In the world of AI alignment, Reinforcement Learning from Human Feedback (RLHF) has become a cornerstone technique for enhancing large language models (LLMs). However, the go-to method, Proximal Policy Optimization (PPO), comes with significant computational overhead and tricky hyperparameter tuning. A new paper by Ahmadian et al., titled "Back to Basics: Revisiting REINFORCE Style Optimization for Learning from Human Feedback in LLMs," argues that simpler is often better. They demonstrate that REINFORCE-style optimization can outperform PPO and other recent methods while being more computationally efficient.

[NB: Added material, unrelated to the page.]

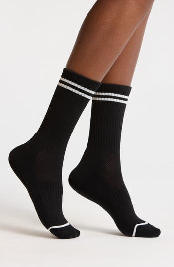 Contrast stripes add retro-sporty charm to comfy, midweight crew socks knit with mesh at the top of the foot for added breathability.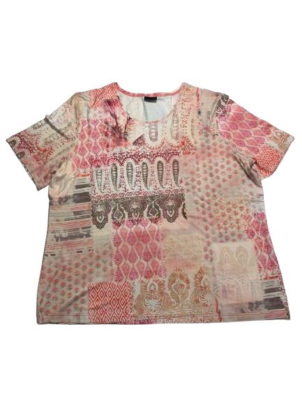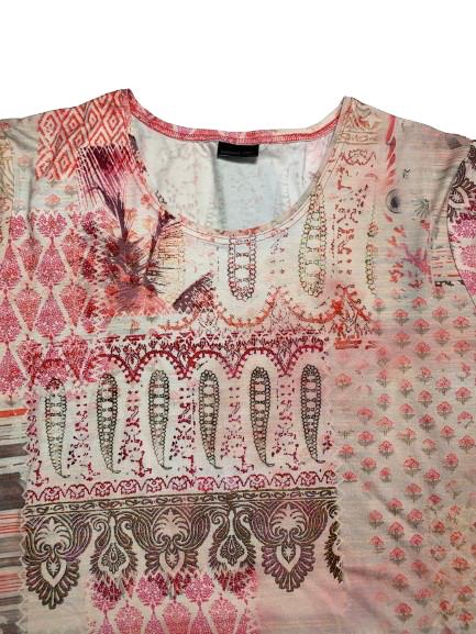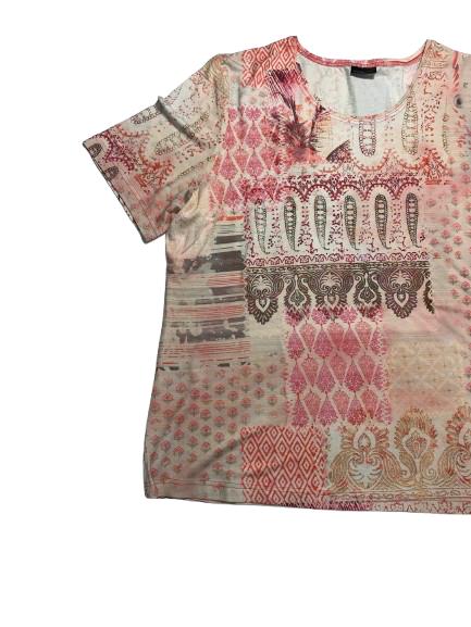T-shirt donna Barbara Lebek in viscosa mezza manica girocollo stampata pasley posteriore e anteriore sui toni del rosa

The key insight is that many of the complexities introduced by PPO are not as necessary when aligning LLMs with human preferences. Here’s a breakdown:
Simplification of Components: The authors show that several components of PPO, such as trust region constraints and adaptive KL penalties, are less critical in an RLHF context. These components were originally designed to stabilize training in environments where the policy can change drastically from one update to the next. In contrast, LLMs typically have more stable updates due to their large size and the nature of human feedback.
REINFORCE Performance: The paper revisits REINFORCE, a simpler reinforcement learning algorithm that directly optimizes the expected reward. They find that with careful tuning, REINFORCE can achieve comparable or even better performance than PPO in RLHF tasks.
Benchmark Results: The authors conduct experiments on several benchmark datasets and show that REINFORCE-style methods outperform PPO and other "RL-free" methods like DPO (Direct Preference Optimization) and RAFT (Reward-Aware Fine-Tuning). Specifically:
Computational Efficiency: The computational cost of training with REINFORCE is significantly lower than PPO. For instance, the authors report that training an LLM using REINFORCE required only 60% of the GPU hours compared to PPO on similar tasks.

The paper provides several implementation notes and tips for practitioners:
Reward Shaping: The authors emphasize the importance of reward shaping in RLHF. They suggest using a combination of immediate rewards (e.g., for grammatical correctness) and delayed rewards (e.g., for coherence over longer sequences).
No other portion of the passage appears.